“How the Other Half Learns:” A Review (Part 2)
What happens inside classrooms remains beneath the notice of education policymakers and pundits. I have long believed that this indifference to curriculum and instruction is a significant impediment to progress.
Robert Pondiscio, How the Other Half Learns, p. 10
Inside classrooms is where teachers, students, curriculum, and instruction gel into lessons and daily activities. Pondiscio describes both Success Academy’s curriculum and instruction in great detail in selected classrooms. Teacher moves, academics, and emotions interact seamlessly as kindergarteners sit in circles on rugs and 4th graders struggle with or zip through math worksheets, according to the author.

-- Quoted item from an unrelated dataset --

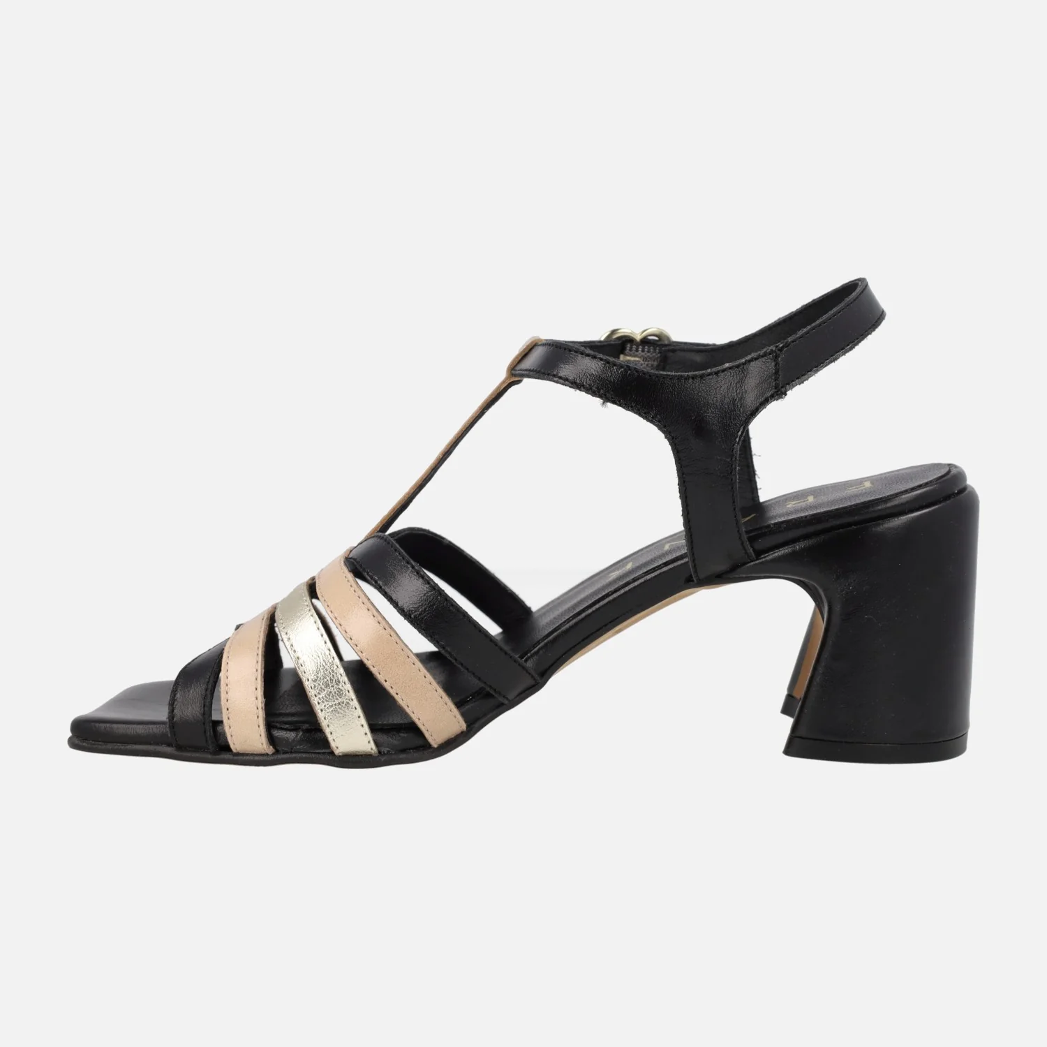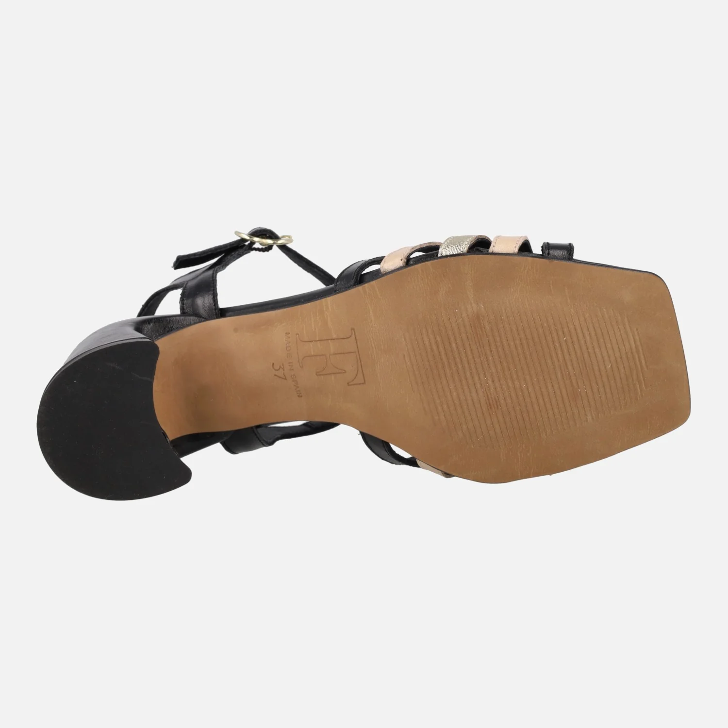 Sandalias negras de piel de la marca Design Frank modelo 04789. Sandalias con fondo negro, que combinan en la parte delantera con distintas tiras en nude y en dorado. Cierre de hebilla. Forro y planta de piel. Tacones de 7 cms de altura. Made in Spain.
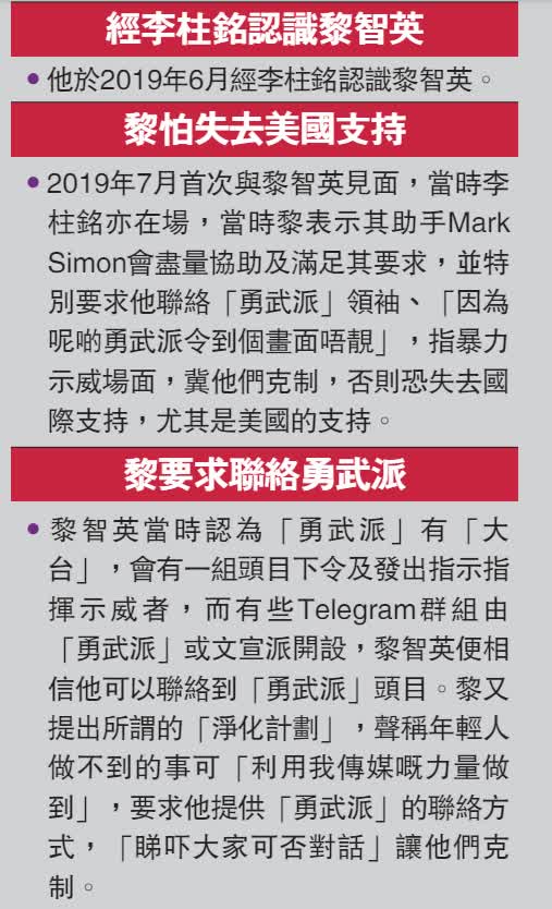 黎智英又在席上闡述了國際游說的四個步驟。陳梓華供述,黎不認同陳等人的做法,提出首先要向外國政府傳遞香港的信息,再呼籲國際關注及譴責。第三步要將外國的想法帶回香港,確保香港人知道「外國政府沒有離棄或者忽視他們」。最後與「枱底人」,即外國政治顧問和外國政策規劃者建立關係,影響他們的對華政策,「推動制裁,甚至將來可以推翻中共」。

Pondiscio does readers a favor by describing in detail lessons he endorsed and ones he found disturbing.
While I separate curriculum from instruction in describing them in this part of the book review, anyone familiar with classrooms knows that they are joined at the hip in every lesson that teachers teach.
There is a single Success Academy curriculum that founder and director Eva Moskowitz expects principals and faculties in each one of the 47 schools to follow and use in daily lessons. It is this set curriculum and mode of instruction that, according to Pondiscio, accounts for the consistently high test scores registered by schools in the network (including intense preparation in the weeks before the state tests).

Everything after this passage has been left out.